Но — не решился. Может быть, потому, что сам Маяковский эту строфу потом вычеркнул. Нарбут дал ей другое название - «Спираль». В каком-то смысле, оно оказалось точней — не прошел стороной, а зажат и раздавлен стальной пружиной, спиралью своего земного пути.
Ещё в стихотворении 1912 года Нарбут писал:
Луна, как голова, с которой
кровавый скальп содрал закат.
Ах, если бы только закат…
Катаев, Суок и Олеша на похоронах Маяковского
И вот пришла эта страшная ночь с 26-го на 27-е октября 1936 года. В квартире №17 дома № 15 по Курсовому переулку случилось то, что во многих квартирах в ту и другую ночи тех лет.
Его взяли на рассвете.
Нарбут и Серафима до 1936 года
Сохранились воспоминания об этом аресте Серафимы Густавовны Суок, жены поэта:
«Стук в дверь.
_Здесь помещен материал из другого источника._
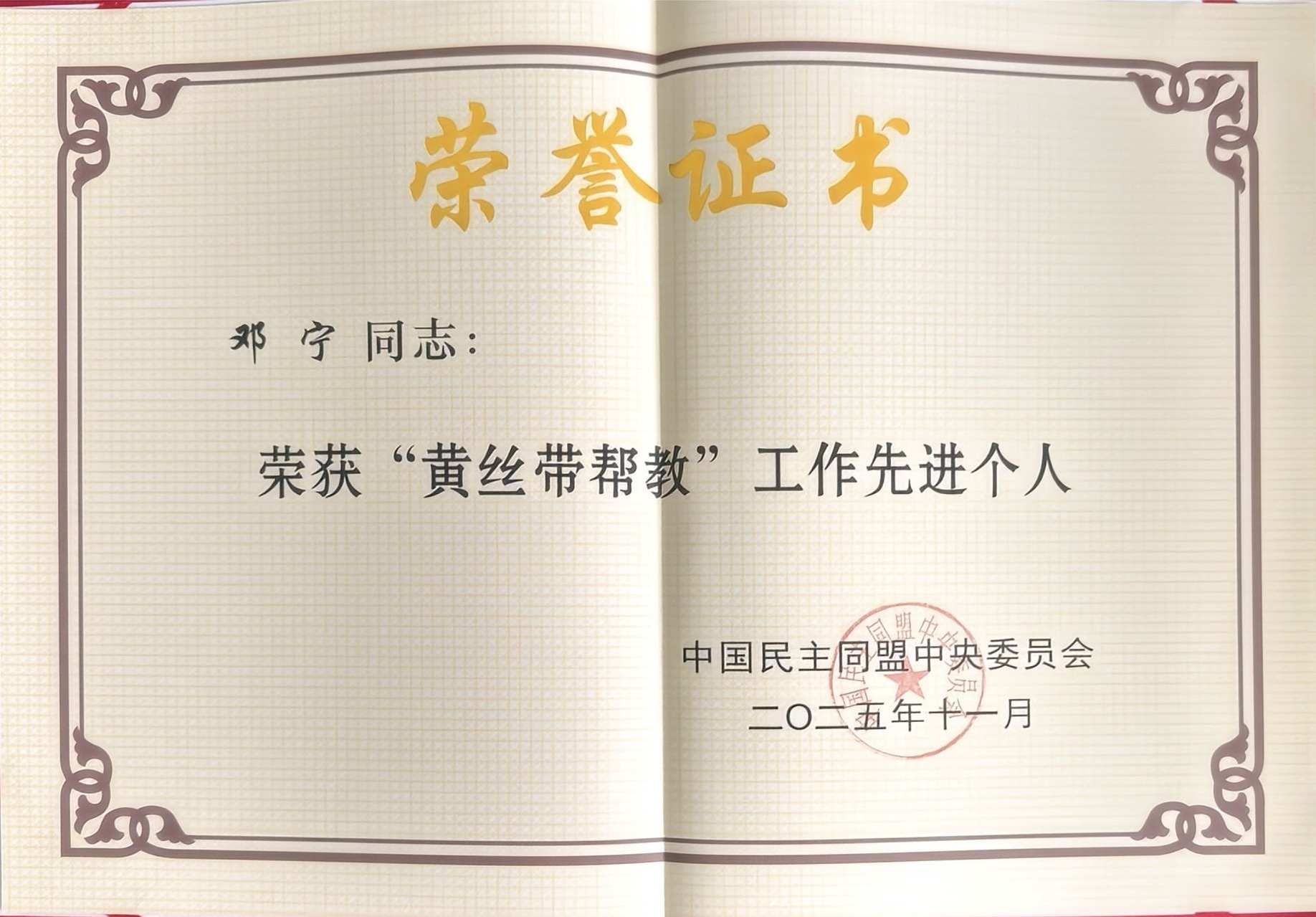 11月14日,民盟中央、司法部在重庆联合召开“黄丝带帮教”工作40周年座谈会。全国人大常委会副委员长、民盟中央主席丁仲礼出席会议。会议对“黄丝带帮教”工作先进集体和个人进行了表彰。民盟邵阳市委会青年工作委员会副主任、民盟邵阳市三中支部主委邓宁荣获民盟中央“‘黄丝带帮教’工作先进个人”称号。

Проснулся Володя, разбудил меня. Кто там? Проверка паспортов!! Что-то натянули на себя, открыли дверь: человек в форме НКВД, штатский... У меня закрываются глаза от желания спать, опять разговор с Володей перед сном — неприятный, что мы должны разойтись. — Вижу, Володя дает свой паспорт, и ему протягивают бумажку. Все прошло — сон, нехорошие мысли, лень — покажите мне! — Он видел. Мама? — Ордер на обыск и арест. Всему был конец. Тогда я этого не понимала. Я как во сне, честное слово, как во сне шла к Лиде в 5 часов утра после обыска, без мыслей, тупо бежала по улицам рассказать о чудовищном сне — Володю арестовали.
Уходя, он вернулся — поцеловал меня. Заплакал — я видела последний раз его, покачался смешной его походкой на левый бок, спину в длинном синем пальто. И все...»
Потом было стояние в очередях на Кузнецком 24 и под стенами тюрем с передачами. Отказы в свиданиях. Ожидание приговора.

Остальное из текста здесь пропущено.